Jean Lowe
Say it with Flowers
July 11 – August 29, 2026
Opening Reception
July 11 4 – 6 PM
Jean Lowe crafts juicy papier-mâché sculpture, swashbuckling paintings and elaborate installations in a comically faux Baroque flamboyance. Her work combines classical art history and libraries with contemporary pop culture in a playful, witty social critique. Claes Oldenburg’s early Store works turned everyday objects into drippy art, but Jean Lowe transforms high art into symbols, metaphors and visual puns.
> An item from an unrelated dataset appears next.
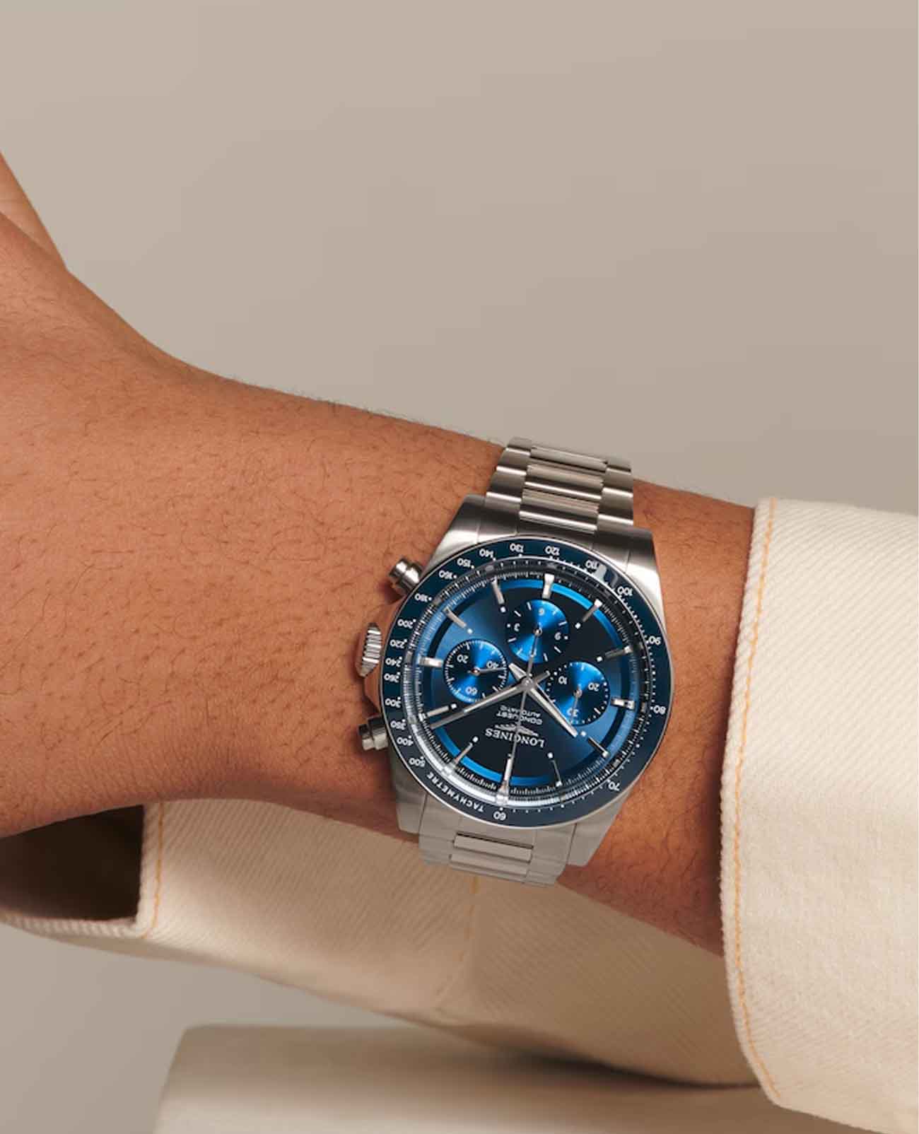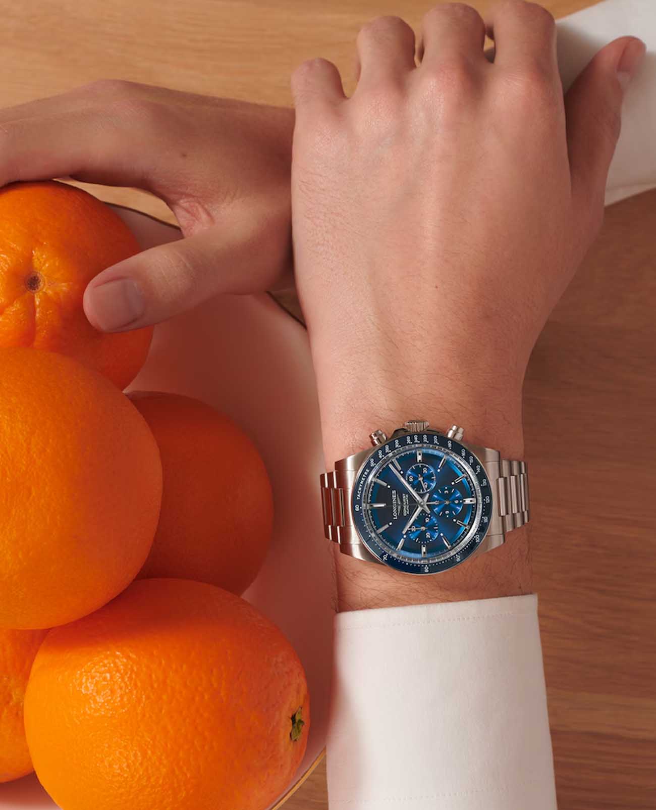 Мужские швейцарские механические часы- хронографХронографФункция позволяет измерять отрезки времени с особой точностью: часы, минуты, секунды. Верным признаком хронографа является наличие на циферблате 3 дополнительных окошек-счётчиков. Longines Conquest L3.835.4.92.6. Сапфировое стеклоСапфировое стеклоПрочный и надёжный материал из кристалла сапфира синтетического происхождения, характеризующийся особой твёрдостью и устойчивостью к царапинам и повреждениям. с многослойным антибликовым покрытием с обеих сторон, устойчивое к появлению царапин, обладающее высокой прозрачностью. Корпус часов изготовлен из стали. Неподвижный безельБезельВнешний ободок, закрепляющий стекло. В спортивных часах так называется поворотное кольцо с делениями на циферблате, выполняет роль таймера – замеряет отрезки времени на шкале. Неподвижный безель – элемент декора. Однонаправленно вращающийся безель на дайверских часах позволяет фиксировать моменты погружения и выныривания на поверхность. из стали и керамики, защищенный от царапин, никогда не изнашивается и не выцветает. Шкала тахиметрТахиметрРазмеченная шкала, располагается на ободке или безеле часов. Тахиметр позволяет рассчитать скорость на определённом участке пути, расстояние измеряется в километрах или милях.. На циферблате расположены три дополнительных индикатора. Стрелки и метки с люминесцентным покрытиемЛюминесцентное покрытиеПозволяет считывать показания времени в темноте. Производители наносят на стрелки, часовые индексы, безель или поверхность циферблата светонакопительный состав, дающий холодное свечение.. Класс водозащиты: 100 метров, позволит плавать, нырять и заниматься другими водными видами спорта. Стальной браслет на раскладной застёжкеРаскладная застёжкаТакой тип застёжки используется только на браслетах из металла. Она никогда не раскрывается полностью, происходит разделение на 2 и более частей. Раскладывающая застёжка снизит вероятность потери часов к минимуму..

Say it with Flowers draws upon the Golden Age of Dutch floral still life paintings and their inherent message that, although vibrant and glorious, life wilts and fades quickly. She borrows “promiscuously” from works by Rachel Ruysch, the most recognized female painter of the period. Lowe describes her new paintings as, “a mash up of flowers that seem less likely to quiver in the wind than to stomp furiously on their way. They attempt to balance a clumsy, sexy and painterly beauty with a meditation on the brevity of our short lives. A flower can suggest the transience of life and procreation at the same time.” Lowe's florals also carry references to the Dutch tulip mania of the 1630s when prices of these temporal earthly blooms skyrocketed then collapsed, becoming the first recorded speculative economic bubble in history. The installation of Say it with Flowers pointedly includes a lusciously painted rug on the floor, a nod towards their frequent inclusion in Dutch paintings, but also a sly symbol of the colloquial “rug salesman,” perhaps an oblique indictment of the art market itself.